From the first line to the last, retype everything below exactly, minus the pictures.

§ DATASET EXCERPT
────────────────

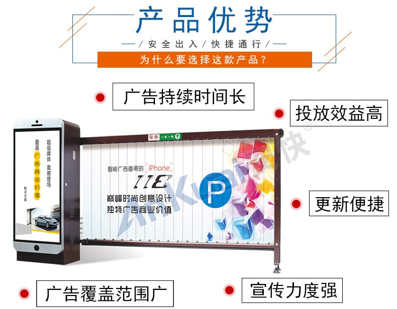 ND-501产品介绍:纽达ND-501广告道闸,IPHONE小苹果外观,巅峰时尚创意设计,独特广告商业价值,颠覆传统,实用与商业的完美融合,是我公司经过精心设计并制作的一款能够适应现代“安全、快捷、高效、高质”管理的新一代的数字媒体道闸。目前,媒体的传播力与媒体的生活属性息息相关,越贴近生活者,越造福生活者,就越易受关注,道闸媒体正是我们为车主、社区百姓与广告主架设的信息桥梁。其高标准、高质量、高集成化的特性,时尚潮流的外观形象,及其独特地颜色视觉魅力,也给人一种尊贵高雅、爽心悦目的感觉,使得与其搭配起来更加具有相得益彰的效果,是停车场,酒店,学校,花园别墅小区,企事业单位等场合的配套首选。
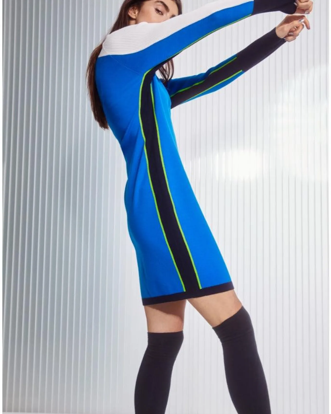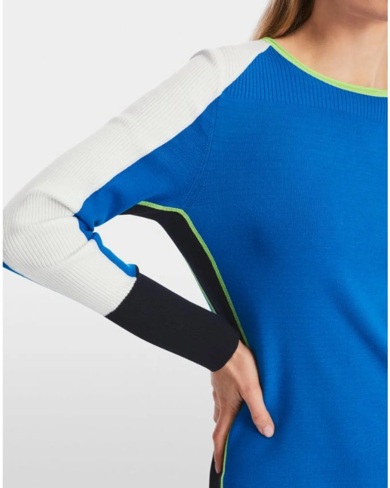 Marc Cain close fitting, soft viscose blend knitted mini dress with vertical color distribution and the vibrant colors of the overlock seams and rolled hem at the neckline create a striking effect. The shoulder area and sleeve inserts are ribbed.
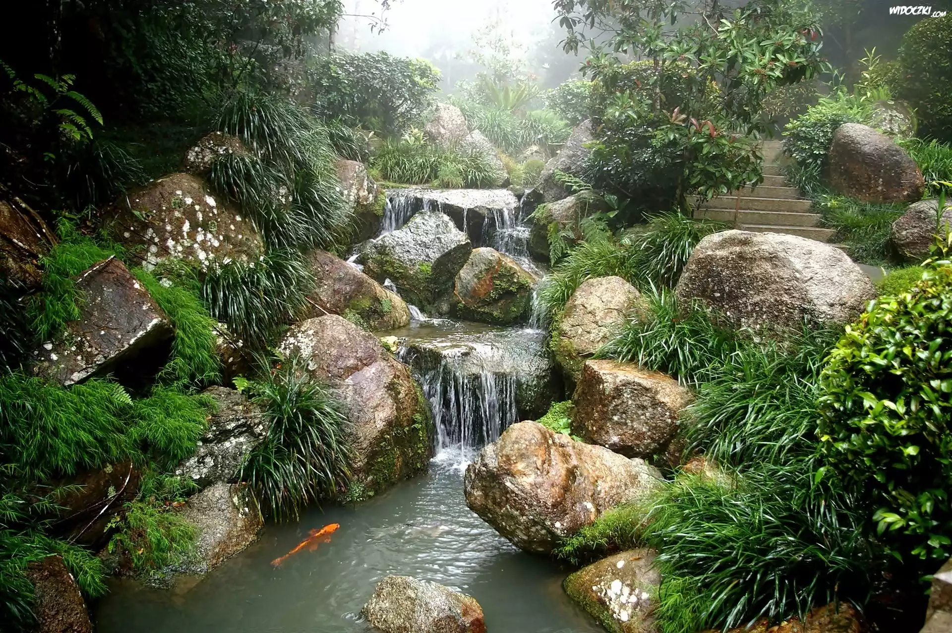 Zdjęcia, Ogród, Zen, Kaskada, Sadzawka, Karp, Koi

────────────────

§ OUTPUT OF THE TASK
 ND-501产品介绍:纽达ND-501广告道闸,IPHONE小苹果外观,巅峰时尚创意设计,独特广告商业价值,颠覆传统,实用与商业的完美融合,是我公司经过精心设计并制作的一款能够适应现代“安全、快捷、高效、高质”管理的新一代的数字媒体道闸。目前,媒体的传播力与媒体的生活属性息息相关,越贴近生活者,越造福生活者,就越易受关注,道闸媒体正是我们为车主、社区百姓与广告主架设的信息桥梁。其高标准、高质量、高集成化的特性,时尚潮流的外观形象,及其独特地颜色视觉魅力,也给人一种尊贵高雅、爽心悦目的感觉,使得与其搭配起来更加具有相得益彰的效果,是停车场,酒店,学校,花园别墅小区,企事业单位等场合的配套首选。
 Marc Cain close fitting, soft viscose blend knitted mini dress with vertical color distribution and the vibrant colors of the overlock seams and rolled hem at the neckline create a striking effect. The shoulder area and sleeve inserts are ribbed.
 Zdjęcia, Ogród, Zen, Kaskada, Sadzawka, Karp, Koi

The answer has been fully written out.